** Extracted information follows **

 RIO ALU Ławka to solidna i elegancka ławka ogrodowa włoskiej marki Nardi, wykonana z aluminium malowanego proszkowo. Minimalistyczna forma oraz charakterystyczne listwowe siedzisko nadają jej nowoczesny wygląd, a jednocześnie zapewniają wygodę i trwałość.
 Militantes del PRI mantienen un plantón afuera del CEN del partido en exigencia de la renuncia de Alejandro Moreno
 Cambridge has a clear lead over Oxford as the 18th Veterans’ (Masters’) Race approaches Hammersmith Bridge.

** End of Extracted information **
** Extracted information follows **

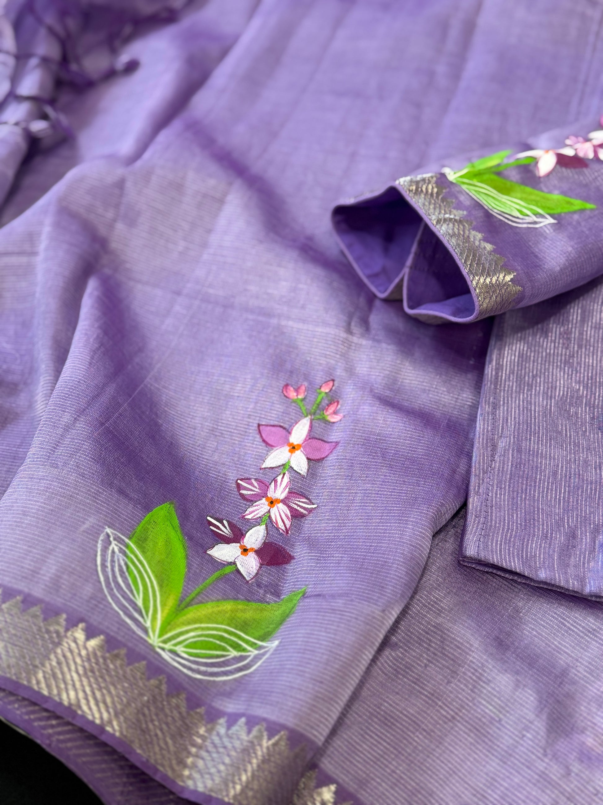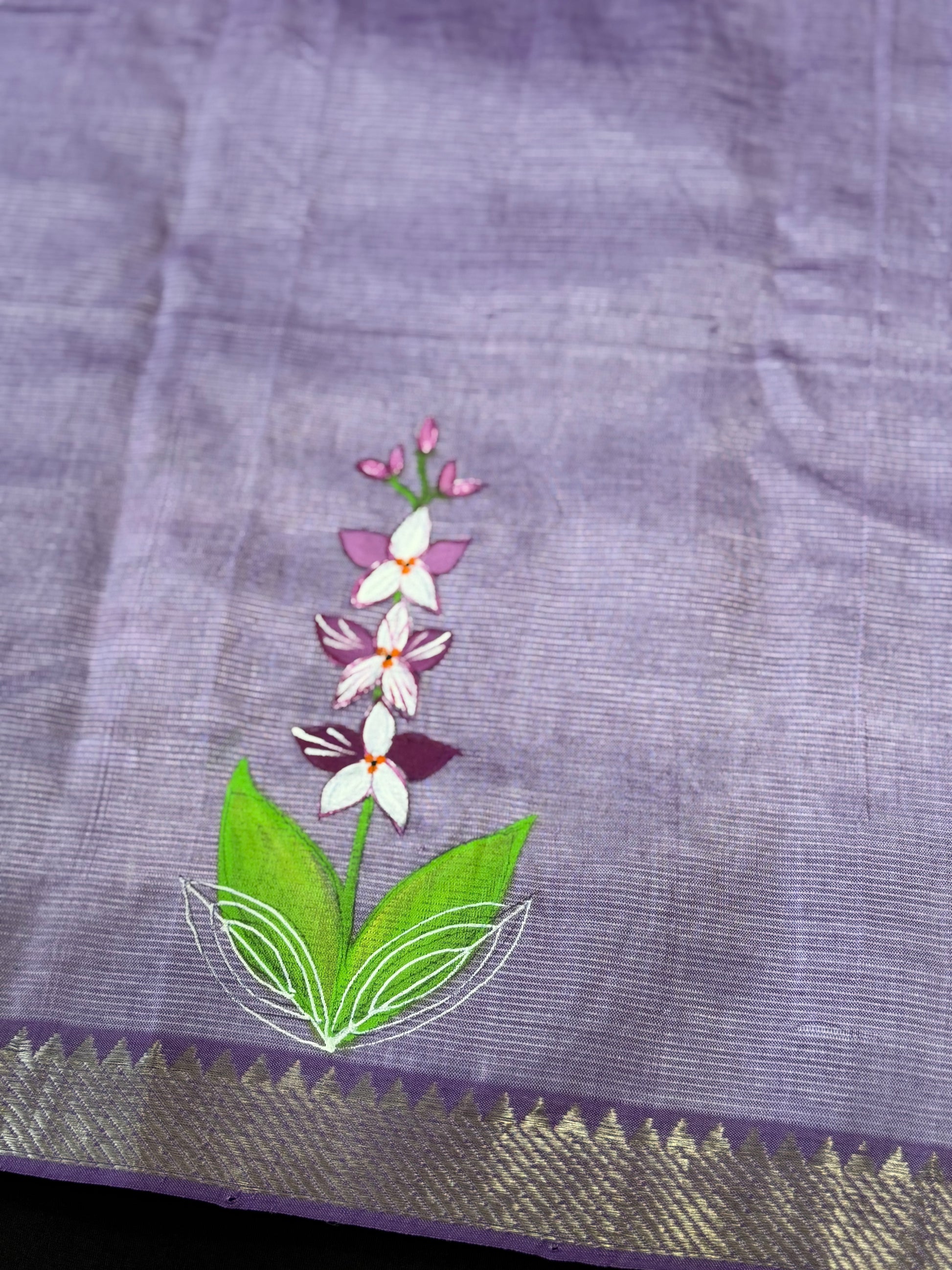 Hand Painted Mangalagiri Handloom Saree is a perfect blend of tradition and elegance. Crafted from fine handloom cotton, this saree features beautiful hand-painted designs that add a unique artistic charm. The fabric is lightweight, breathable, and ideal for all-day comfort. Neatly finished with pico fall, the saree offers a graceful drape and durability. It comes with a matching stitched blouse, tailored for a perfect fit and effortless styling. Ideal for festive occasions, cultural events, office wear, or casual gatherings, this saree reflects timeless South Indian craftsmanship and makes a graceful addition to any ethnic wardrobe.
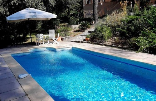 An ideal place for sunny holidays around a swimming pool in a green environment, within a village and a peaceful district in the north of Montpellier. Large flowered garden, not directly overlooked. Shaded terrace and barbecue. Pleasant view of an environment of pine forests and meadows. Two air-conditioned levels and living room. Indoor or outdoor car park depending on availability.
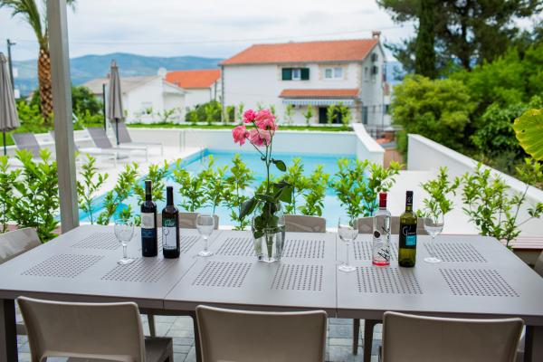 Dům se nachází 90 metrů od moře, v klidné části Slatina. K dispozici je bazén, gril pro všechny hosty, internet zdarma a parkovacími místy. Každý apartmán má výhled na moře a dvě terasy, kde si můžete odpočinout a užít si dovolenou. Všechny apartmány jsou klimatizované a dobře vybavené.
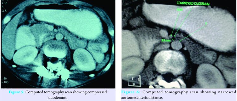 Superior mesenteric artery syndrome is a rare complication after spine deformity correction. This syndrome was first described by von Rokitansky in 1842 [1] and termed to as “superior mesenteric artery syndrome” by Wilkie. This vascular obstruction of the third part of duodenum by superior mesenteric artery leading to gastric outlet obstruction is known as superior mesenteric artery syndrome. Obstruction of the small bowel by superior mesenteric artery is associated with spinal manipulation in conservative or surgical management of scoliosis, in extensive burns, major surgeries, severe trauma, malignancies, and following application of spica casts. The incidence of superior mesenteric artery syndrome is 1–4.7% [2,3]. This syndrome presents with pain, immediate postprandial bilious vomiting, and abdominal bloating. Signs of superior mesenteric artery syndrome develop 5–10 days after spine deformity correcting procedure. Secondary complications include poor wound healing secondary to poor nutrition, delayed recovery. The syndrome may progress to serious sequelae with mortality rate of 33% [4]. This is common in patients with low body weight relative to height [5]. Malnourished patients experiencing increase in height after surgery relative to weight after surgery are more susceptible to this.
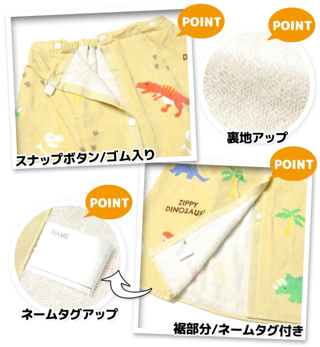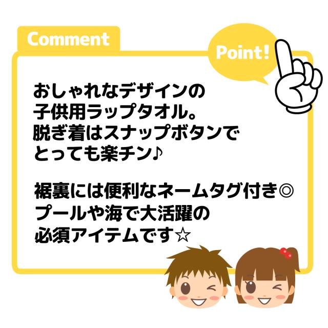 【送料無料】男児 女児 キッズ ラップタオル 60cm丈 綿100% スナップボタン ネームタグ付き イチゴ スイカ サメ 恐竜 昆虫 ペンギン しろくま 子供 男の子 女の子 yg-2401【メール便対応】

** End of Extracted information **
** Extracted information follows **

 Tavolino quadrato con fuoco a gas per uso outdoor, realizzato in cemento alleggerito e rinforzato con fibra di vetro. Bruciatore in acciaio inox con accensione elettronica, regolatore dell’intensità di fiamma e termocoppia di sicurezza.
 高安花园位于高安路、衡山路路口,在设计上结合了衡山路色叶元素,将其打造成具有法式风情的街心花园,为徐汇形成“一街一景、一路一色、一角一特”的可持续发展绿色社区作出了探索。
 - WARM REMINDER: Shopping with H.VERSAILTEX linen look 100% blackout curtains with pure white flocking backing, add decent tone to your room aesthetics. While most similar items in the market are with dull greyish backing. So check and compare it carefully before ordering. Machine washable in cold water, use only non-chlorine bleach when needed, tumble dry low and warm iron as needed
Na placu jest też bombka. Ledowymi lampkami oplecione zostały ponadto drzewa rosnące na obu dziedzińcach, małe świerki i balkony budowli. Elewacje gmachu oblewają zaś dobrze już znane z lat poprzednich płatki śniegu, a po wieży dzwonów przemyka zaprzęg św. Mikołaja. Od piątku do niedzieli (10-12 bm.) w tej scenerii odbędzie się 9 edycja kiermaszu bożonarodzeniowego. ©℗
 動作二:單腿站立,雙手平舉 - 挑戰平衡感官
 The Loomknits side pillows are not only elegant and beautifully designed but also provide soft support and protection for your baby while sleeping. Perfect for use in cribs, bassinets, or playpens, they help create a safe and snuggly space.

** End of Extracted information **

=== Problem ===
Please give back, exactly as it stands above, the stretch from the line with "Tavolino quadrato con" through the line with "高安花园位于高安路、衡山路路", and no line outside it.

=== Response below ===
 Tavolino quadrato con fuoco a gas per uso outdoor, realizzato in cemento alleggerito e rinforzato con fibra di vetro. Bruciatore in acciaio inox con accensione elettronica, regolatore dell’intensità di fiamma e termocoppia di sicurezza.
 高安花园位于高安路、衡山路路口,在设计上结合了衡山路色叶元素,将其打造成具有法式风情的街心花园,为徐汇形成“一街一景、一路一色、一角一特”的可持续发展绿色社区作出了探索。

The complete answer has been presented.